I am only aware of two size caps and two different offsets. 

Scott Daubert at Trek would be able to answer your questions. 

HTH
zac


----------



## 08Madone5.2 (Dec 25, 2007)

The clamp is part of the cap, not the mast. In the literal sense of cutting, the mast can be cut, but even if you did, it wouldn't change anything. The only difference would be the amt of mast up inside the cap. So the true answer here is - NO. There are two cap sizes with three offsets available.


----------



## bigjohnson54 (May 31, 2005)

You can rotate the mount that hold the seat rails 180 degrees, it helps lower the seat.


----------



## mkgal4 (Aug 13, 2008)

Thanks for the responses.
I thought a 60mm cap was too good to be true:cryin: 
BigJohnson (great name btw), do you think rotating the mount would garner 3.5 cm?
The rest of the geometry on the bike is good, kinda frustrating that the seat is soooo close.


----------



## GScot (Feb 7, 2005)

Unless there is a specific saddle preference you should also look into saddle options. I'm sure there is at least 2 to 3 cm difference in height from rail to top on various brands/models.


----------



## Tlaloc (May 12, 2005)

*Too Big*

It's too big for her. If you use he standard formula for sizing you will be riding a bike that is as small as you can:

http://www.coloradocyclist.com/bikefit/

If you buy this bike you will be riding one that is bigger than you can. Correct sizing is very very important. Don't buy it. It will be too long, etc.

All of my saddles have the same height from the rails to the top of the saddle.

Get her a bike that fits.


----------



## mkgal4 (Aug 13, 2008)

Tlaloc said:


> It's too big for her. If you use he standard formula for sizing you will be riding a bike that is as small as you can:
> 
> http://www.coloradocyclist.com/bikefit/
> 
> ...


Thanks for the link - good points.
Actually, using their calculation of .883xinseam, that bike should fit her.
Her current saddle height is 58.5cm and she likes that so she can touch the ground while in the saddle. She has a 28.5" inseam, so the calculated saddle height is 63.9cm (bike can go to 62).

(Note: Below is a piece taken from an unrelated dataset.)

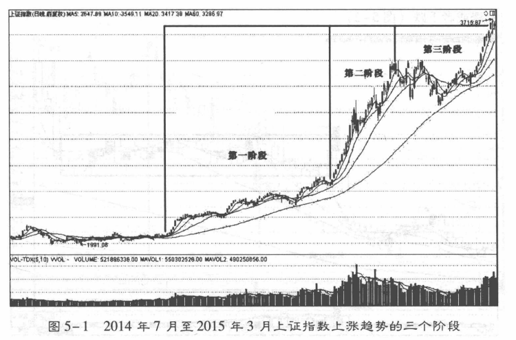 上升趋势是指股价在某一段时间内的波动中,股价的顶部在不断刷新,股价处于明显的上升趋势中。基本上升趋势,通常划分为缓慢上涨阶段、稳定上涨阶段、成交放大阶段三个阶段(图5-1)。

The rest of the bike's geometry nearly matches her specialized bike, and she doesn't have any issues with its sizing.
I think I'll crank up the seat to 62cm and see how that goes - duh, maybe I should've done that first??:idea: 

Thanks again for the input. Any more help is appreciated - lots for me to learn!


----------



## brentley (Jul 20, 2008)

mkgal4 said:


> Also, one member stated there were 3 cap legths (60, 100, 160mm) but I have only found reference for 120mm and 160mm from Trek's site. Can someone confirm if there are other seat mast caps?
> 
> Thanks
> Eric



I have seen three sizes of caps at the same time, there is indeed a very short one, I didn't measure it, but it is small, it was on a very small bike if I recall properly. 

My LBS guy also showed me online in the trek dealer site what the choices were for caps and there are three in the computer. Retail on these is more than $100 though so you might want to talk to your LBS about ordering one.


----------



## Tlaloc (May 12, 2005)

mkgal4 said:


> ...Actually, using their calculation of .883xinseam, that bike should fit her.

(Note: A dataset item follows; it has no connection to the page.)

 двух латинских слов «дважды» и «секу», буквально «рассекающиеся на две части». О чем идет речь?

Remember that Trek is using virtual sizing so the sizes are the same as before. Also the old sizes were measured center to top, not center to center.



mkgal4 said:


> ...she likes that so she can touch the ground while in the saddle.


She Can? This sounds really weird.

Carbon Treks are wonderful. Trek makes a Woman Specific Design that might be worth consideration.


----------



## jsedlak (Jun 17, 2008)

mkgal4 said:


> Her current saddle height is 58.5cm and she likes that so she can touch the ground while in the saddle.


When I put my sister on my old bike, she complained about the saddle height for the same reason. :mad2: I think she is afraid of not being able to stop and standup and put her foot on the ground. I told her that I can't touch (I can touch with the tips of my toes) the ground when I am in the saddle, but there is no reason to. When I stop, I come out of the saddle to put my foot down fully since my soles don't bend.

Oh well.


----------